El ornitorrinco, un relato corto

Ayer experimentaba una profunda sensación de melancolía, sin una comprensión clara de su causa. Durante una conversación con mi estimado colega mexicano, el Dr. Masao Yamamoto, las desgracias de nuestro trabajo en Radiología Intervencionista (RI) se convirtieron en el tema de discusión. De una manera bastante solemne, el Dr. Yamamoto trazó un paralelo entre IR y el peculiar ornitorrinco. Con una serenidad inquebrantable, hizo la comparación sin ofrecer más aclaraciones. Así, me encuentro contemplando la profundidad de sus palabras.

Los radiólogos intervencionistas, por la propia naturaleza de nuestro trabajo, encarnamos un objeto de estudio único. A pesar de llevar el título oficial de radiólogos, no nos dedicamos a las tareas convencionales de interpretación de radiografías, resonancias magnéticas o tomografías computarizadas. En cambio, nuestro ámbito de práctica se alinea más estrechamente con el de los cirujanos, pero carecemos de la capacitación integral y las calificaciones que poseen. Esta peculiar dicotomía, similar al ornitorrinco, nos distingue y evoca una sensación de intriga entre otros profesionales médicos. Si bien algunos pueden mirarnos con admiración o fascinación, nuestros esfuerzos residen constantemente en el ámbito de lo extraordinario.

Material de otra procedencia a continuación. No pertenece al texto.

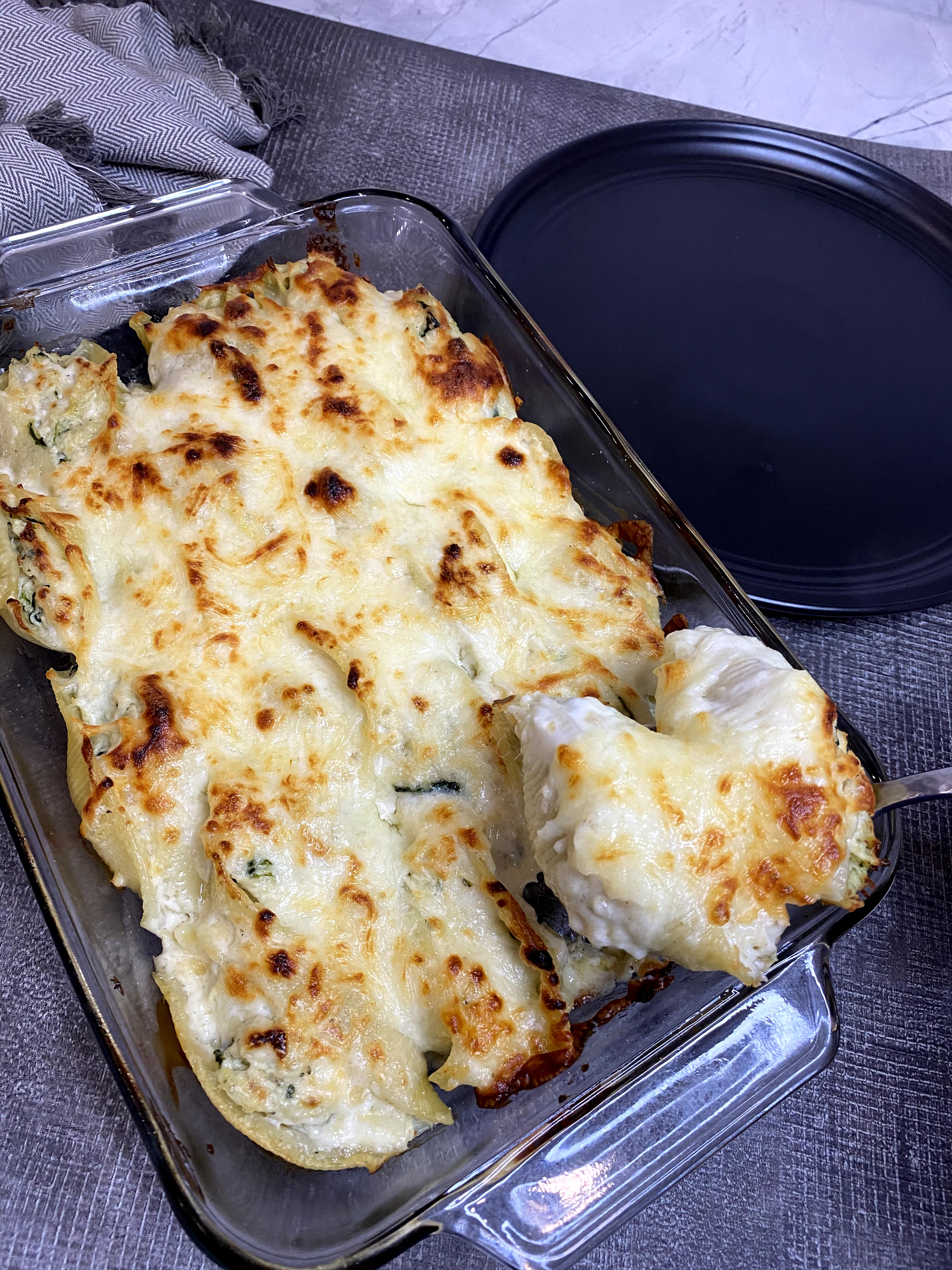 This hearty stuffed shell dish consists of shredded chicken, spinach, artichoke hearts, lots of cheese and alfredo sauce.

Lamentablemente, nuestra identidad profesional sigue siendo un enigma para muchos. Los colegas a menudo nos perciben únicamente como expertos en imágenes médicas, sin tener en cuenta el hecho de que un 80% sustancial de los diagnósticos clínicos se realizan dentro del Departamento de Radiología. A pesar de ser médicos, quienes no reconocen la intrincada complejidad de nuestro campo especializado arrojan dudas sobre nuestro estado.

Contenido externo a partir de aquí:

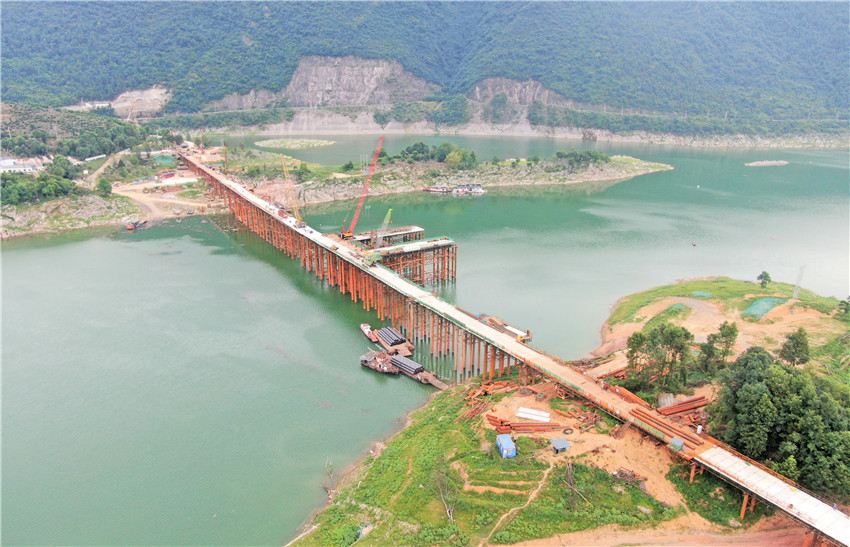 據悉,2#鋼棧橋的順利合龍,加強了皂市水庫兩岸人力、物資等建設資源的高效配置,是該段工程高質量建設的“生命線”。面對環保要求高、建設工期緊、汛期施工難度大的嚴峻形勢,全體參建人員切實提高政治站位、強化大局意識,積極克服各種不利因素影響,有效確保了施工建設按期推進:一是把安全擺在首位,優化汛期施工方案及應急預案;二是強化監督考核,注重過程控制,進行技術交底;三是優化施工組織,提升建設效率,充分展開工作面,組織鋼棧橋兩端同步施工;四是反復推敲、多管齊下,破除技術難題,針對陡坡無覆蓋層硬巖深水基礎施工環境,采用“沖擊鉆鑿平+鋼管樁插打+地質鉆錨固”的方式,實現了樁基的順利施工。

Las palabras de Miguel Ángel Asturias, el estimado antropólogo y escritor guatemalteco, resuenan profundamente en este contexto. “Los espejos son como la conciencia”, observó. “Uno se ve a sí mismo como es y como no es, porque quien se asoma al fondo del espejo se esfuerza por ocultar sus defectos y presentar una fachada más cómoda”. En el ámbito de la radiología intervencionista, la percepción personal por sí sola tiene poco peso. La validación y el reconocimiento que buscamos provienen predominantemente de las percepciones de nuestros pares y de la comunidad médica en general. Es su reconocimiento lo que nos otorga los privilegios y la estima propios de nuestra profesión.

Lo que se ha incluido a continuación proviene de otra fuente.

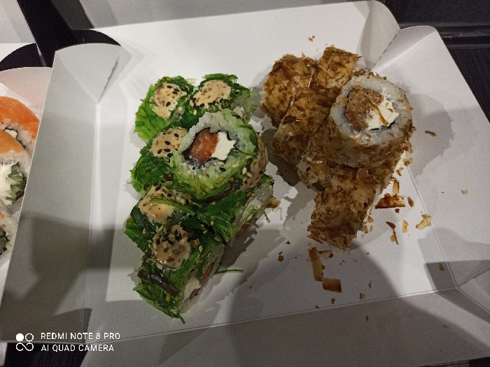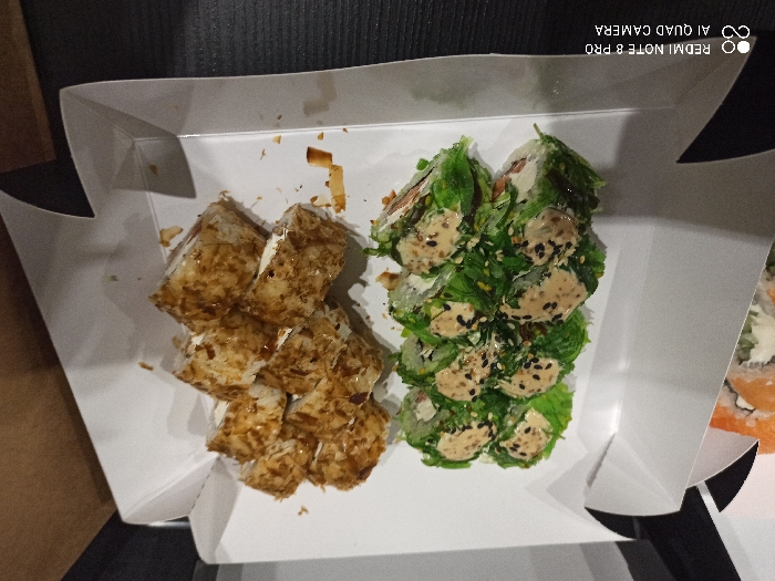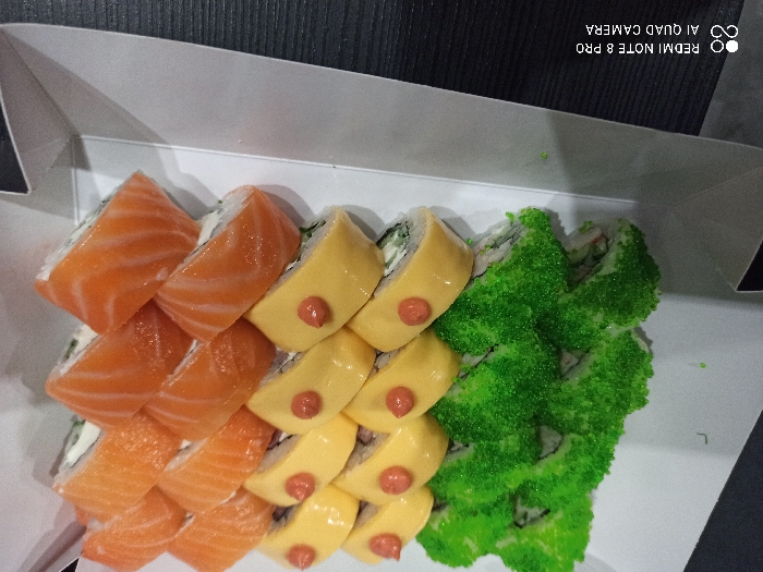 Суши вкусные, свежие, роды тоже вкусные и свежие. Доставка хорошая.

No puedo pasar por alto la distinción entre radiología diagnóstica y radiología intervencionista. Mientras que los primeros han logrado trascender la noción despectiva de ser simplemente “fotógrafos médicos” a través de la perseverancia y las actividades académicas, los segundos, debido a varias razones, aún no han obtenido el reconocimiento y los privilegios que tanto merecen. Quizás, en retrospectiva, la comparación entre nuestra profesión y el encantador ornitorrinco fue equivocada. Sin embargo, un descubrimiento reciente compartido por la Dra. Samantha Hopkins de la Universidad de Oregón ofrece algo de consuelo. El ornitorrinco, un mamífero notable, representa uno de los pocos descendientes supervivientes de un antepasado que se separó de otros mamíferos hace unos asombrosos 166 millones de años. Además, tiene la distinción de tener la menor conexión con la especie humana entre todos los mamíferos. Tal conocimiento brinda consuelo, ya que mis preocupaciones anteriores con respecto a lucir un pico de pato y patas de nutria ahora parecen triviales e intrascendentes.